Retype each entry exactly as written, and keep the pictures out of the copy.

------------

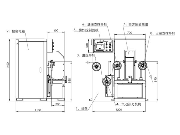 2.2、四方压延机2:采用4轮电动可调方形尺寸的结构设计,在触摸屏上设定扁线宽度和厚度参数后,伺服自动调整四方压延机的规格尺寸,压轮的0位具有预防压坏功能;定形四方压延机压轮为120钢轮;膜包方线的成品宽度和后厚度的公差尺寸可以实现数字设定后一键微调整处理,非常方便操作员对压方成品的尺寸设定和调整。四方压延机的四个压轮均有同步的动力驱动、确保膜包线的4面在挤压变形时的摩擦力很小、极好地保护包膜的表面质量。
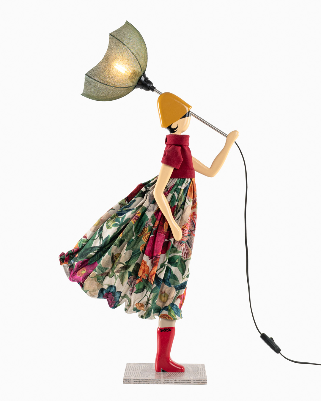 Diese Lampe von Skitso zeichnet sich durch das ungewöhnliche Design aus. Eine Frau mit Schirm und Rock wird vom Winde verweht.
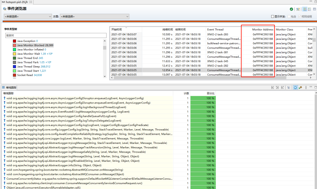 首先,对于 Java Monitor Blocked 这个事件,我们可以通过 Monitor Address 来判断是否是同一个锁。例如这里我们发现这些线程都是阻塞在 FFFF 4C09 3188
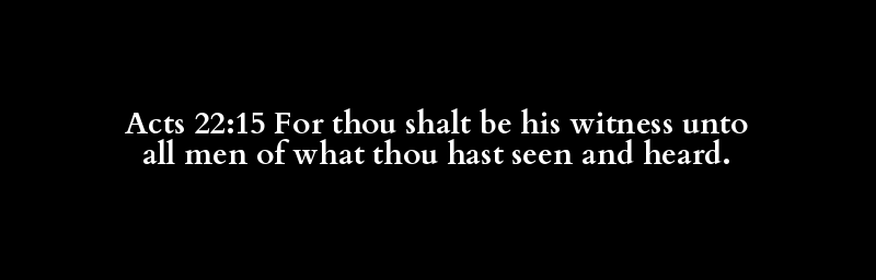 Acts 22:15 For thou shalt be his witness unto all men of what thou hast seen and heard.
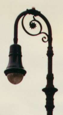 | I shot this old bishop on Worth St., between Chatham and Foley Squares, around 1992. It had been spared the ignimony of having to wear a bucket light, shifting into the sodium era with a shiny new bell fixture, normally reserved for new retro-bishops. Note the photocell switch that has been implanted on the top of the bishop's head. My previous visit to this pole, in 1982, found it precariously clinging to life, with a bare incandescent bulb dangling from a wire. |
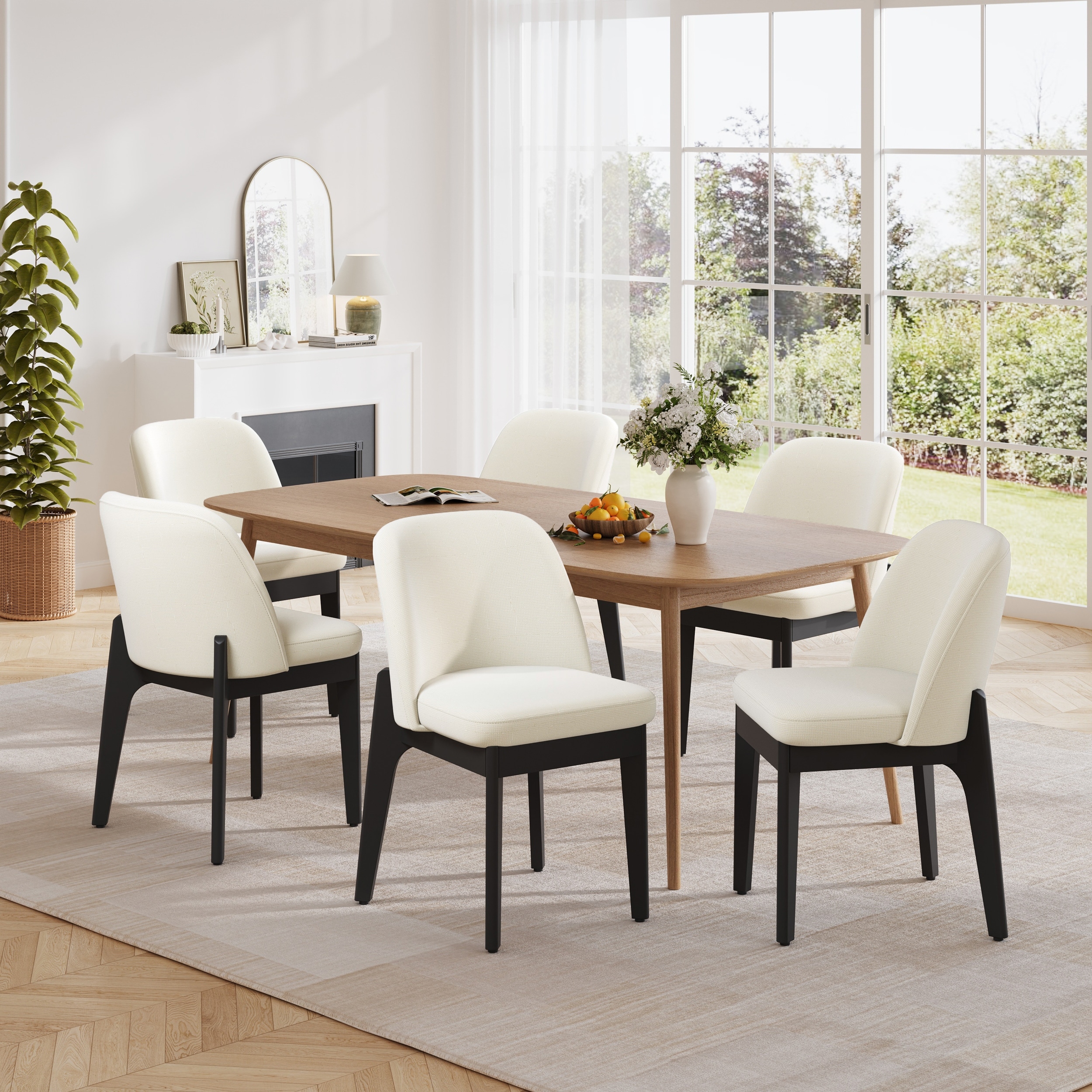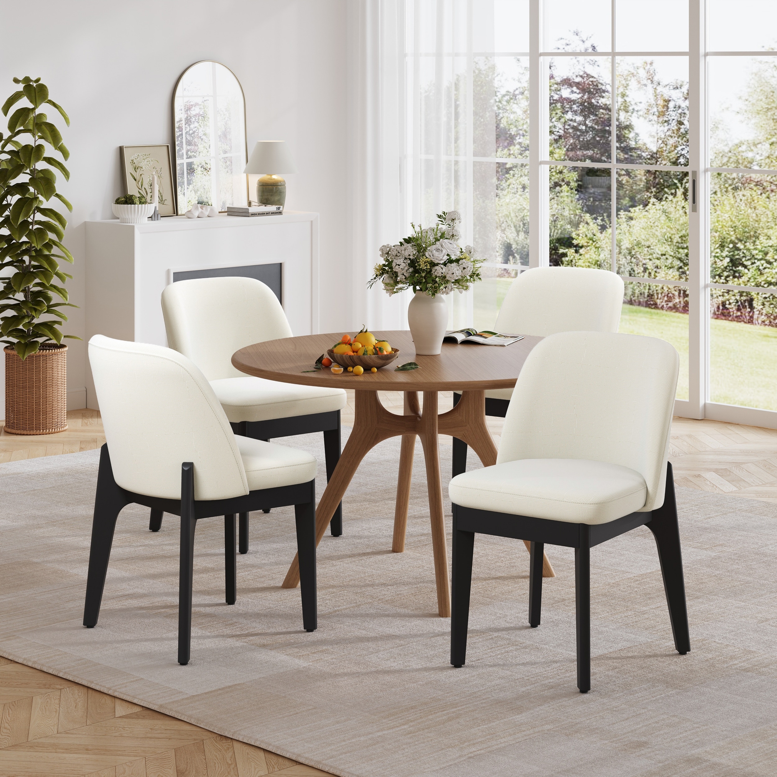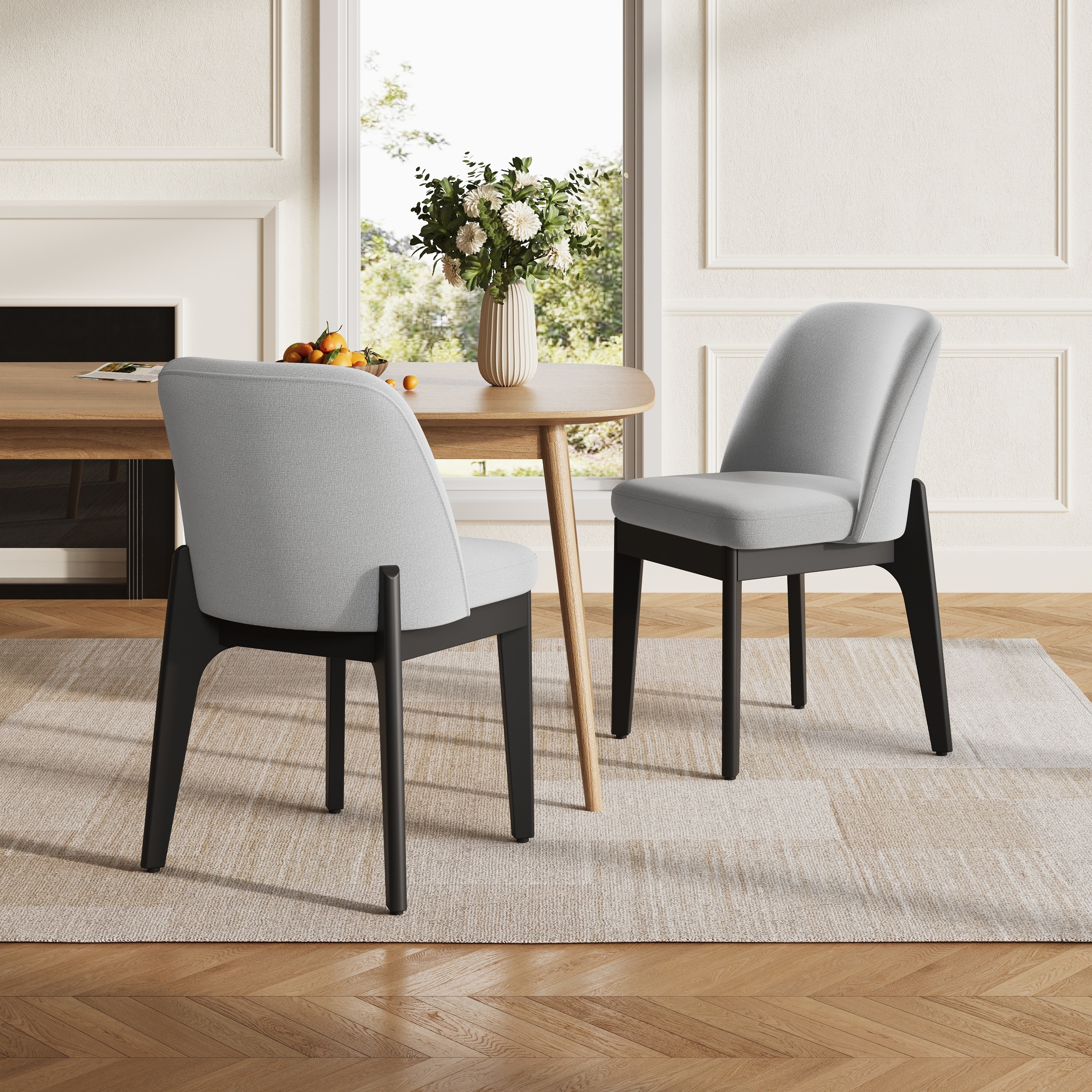 Dining Chairs with Solid Wood Frame and Ergonomic Curved Backrest

------------

_EXERCISE SOLUTION_.
 2.2、四方压延机2:采用4轮电动可调方形尺寸的结构设计,在触摸屏上设定扁线宽度和厚度参数后,伺服自动调整四方压延机的规格尺寸,压轮的0位具有预防压坏功能;定形四方压延机压轮为120钢轮;膜包方线的成品宽度和后厚度的公差尺寸可以实现数字设定后一键微调整处理,非常方便操作员对压方成品的尺寸设定和调整。四方压延机的四个压轮均有同步的动力驱动、确保膜包线的4面在挤压变形时的摩擦力很小、极好地保护包膜的表面质量。
 Diese Lampe von Skitso zeichnet sich durch das ungewöhnliche Design aus. Eine Frau mit Schirm und Rock wird vom Winde verweht.
 首先,对于 Java Monitor Blocked 这个事件,我们可以通过 Monitor Address 来判断是否是同一个锁。例如这里我们发现这些线程都是阻塞在 FFFF 4C09 3188
 Acts 22:15 For thou shalt be his witness unto all men of what thou hast seen and heard.
 | I shot this old bishop on Worth St., between Chatham and Foley Squares, around 1992. It had been spared the ignimony of having to wear a bucket light, shifting into the sodium era with a shiny new bell fixture, normally reserved for new retro-bishops. Note the photocell switch that has been implanted on the top of the bishop's head. My previous visit to this pole, in 1982, found it precariously clinging to life, with a bare incandescent bulb dangling from a wire. |
 Dining Chairs with Solid Wood Frame and Ergonomic Curved Backrest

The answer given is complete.